Fitting of BayesA genomic prediction models and estimation of marker effects were performed with 12,000 iterations, discarding the first 2000 as burn-in. Genomic prediction accuracy was calculated as the correlation between adjusted phenotypic values and predicted GEBVs. To mitigate the error in the correlation resulting from poor data distribution due to the small numbers of predicted GEBVs in some years/groups, the correlation was bootstrapped. Bootstrapping was performed for each season and year by sampling from the predicted GEBVs and corresponding adjusted phenotypic values, with replacement, the same number of complete records and recalculating the correlation. This bootstrapping process was repeated 10,000 times.

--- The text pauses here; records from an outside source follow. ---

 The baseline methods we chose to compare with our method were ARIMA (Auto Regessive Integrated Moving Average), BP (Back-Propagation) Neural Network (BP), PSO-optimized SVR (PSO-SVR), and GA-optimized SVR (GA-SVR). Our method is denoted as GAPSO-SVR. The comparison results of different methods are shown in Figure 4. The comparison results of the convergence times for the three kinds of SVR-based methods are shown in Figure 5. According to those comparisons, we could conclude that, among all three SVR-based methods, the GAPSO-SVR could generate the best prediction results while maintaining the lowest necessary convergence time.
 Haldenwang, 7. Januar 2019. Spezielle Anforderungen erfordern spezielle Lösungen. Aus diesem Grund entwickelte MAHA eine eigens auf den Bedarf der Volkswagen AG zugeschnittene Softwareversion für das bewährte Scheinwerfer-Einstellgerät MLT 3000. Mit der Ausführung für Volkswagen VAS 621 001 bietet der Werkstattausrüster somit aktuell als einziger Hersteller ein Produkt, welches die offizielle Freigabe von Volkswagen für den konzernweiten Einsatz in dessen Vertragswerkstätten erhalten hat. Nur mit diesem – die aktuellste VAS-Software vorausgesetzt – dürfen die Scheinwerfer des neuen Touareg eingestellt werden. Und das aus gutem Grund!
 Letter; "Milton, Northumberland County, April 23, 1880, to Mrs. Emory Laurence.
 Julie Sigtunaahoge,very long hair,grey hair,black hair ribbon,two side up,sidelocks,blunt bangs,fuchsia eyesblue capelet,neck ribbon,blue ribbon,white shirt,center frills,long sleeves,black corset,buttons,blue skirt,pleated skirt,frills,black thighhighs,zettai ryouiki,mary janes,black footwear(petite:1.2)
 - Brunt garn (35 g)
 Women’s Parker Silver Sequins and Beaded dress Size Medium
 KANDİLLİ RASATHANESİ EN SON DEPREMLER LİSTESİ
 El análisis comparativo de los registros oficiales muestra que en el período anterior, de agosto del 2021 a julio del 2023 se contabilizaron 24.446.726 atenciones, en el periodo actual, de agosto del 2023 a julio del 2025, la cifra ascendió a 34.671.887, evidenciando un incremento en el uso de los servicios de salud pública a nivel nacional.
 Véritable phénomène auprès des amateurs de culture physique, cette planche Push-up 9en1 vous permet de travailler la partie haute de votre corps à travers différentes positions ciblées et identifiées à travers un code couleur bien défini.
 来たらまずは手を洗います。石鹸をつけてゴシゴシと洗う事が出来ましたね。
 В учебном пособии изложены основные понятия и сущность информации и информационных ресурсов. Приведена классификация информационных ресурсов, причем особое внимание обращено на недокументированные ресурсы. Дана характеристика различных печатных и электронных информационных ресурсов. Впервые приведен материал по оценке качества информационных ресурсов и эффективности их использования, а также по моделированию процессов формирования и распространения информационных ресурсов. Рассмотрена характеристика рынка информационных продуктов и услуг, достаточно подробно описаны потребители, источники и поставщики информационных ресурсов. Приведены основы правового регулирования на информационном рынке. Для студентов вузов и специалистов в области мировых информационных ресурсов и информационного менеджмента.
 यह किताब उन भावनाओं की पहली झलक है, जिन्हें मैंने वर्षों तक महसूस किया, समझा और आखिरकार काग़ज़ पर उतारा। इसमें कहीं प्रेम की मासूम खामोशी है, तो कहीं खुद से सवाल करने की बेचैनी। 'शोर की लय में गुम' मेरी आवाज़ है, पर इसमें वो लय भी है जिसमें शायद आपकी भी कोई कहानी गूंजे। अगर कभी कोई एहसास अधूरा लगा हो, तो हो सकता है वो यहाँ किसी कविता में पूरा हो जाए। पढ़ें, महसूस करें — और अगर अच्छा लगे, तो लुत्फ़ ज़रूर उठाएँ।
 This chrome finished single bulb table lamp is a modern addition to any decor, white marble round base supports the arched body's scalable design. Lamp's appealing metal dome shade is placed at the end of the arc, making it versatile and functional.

Adjusted phenotypic values were also regressed on all predicted GEBVs, for each season, to calculate the bias in genomic prediction, represented by the slope coefficient. The ideal slope coefficient of 1 represents no bias in the prediction of GEBVs, while slope coefficients greater than one represent under-prediction.

Results

Phenotypic data and heritability

The number of biomass-specific harvests per seasonal period (across the 2 years) ranged from 1 to 5, 1 to 3, 1 to 4, 3 to 7 and 2 to 7 for autumn, winter, early spring, late spring and summer, respectively. Across all trials and seasons, phenotypic values adjusted for spatial effects were calculated. Heritability estimates for biomass yield were calculated based on the variance components computed from the within-trial REML analyses and were highly variable between trials, years and seasons, ranging from 0.05 to 0.81, with a mean of 0.42 (Online Resource 1).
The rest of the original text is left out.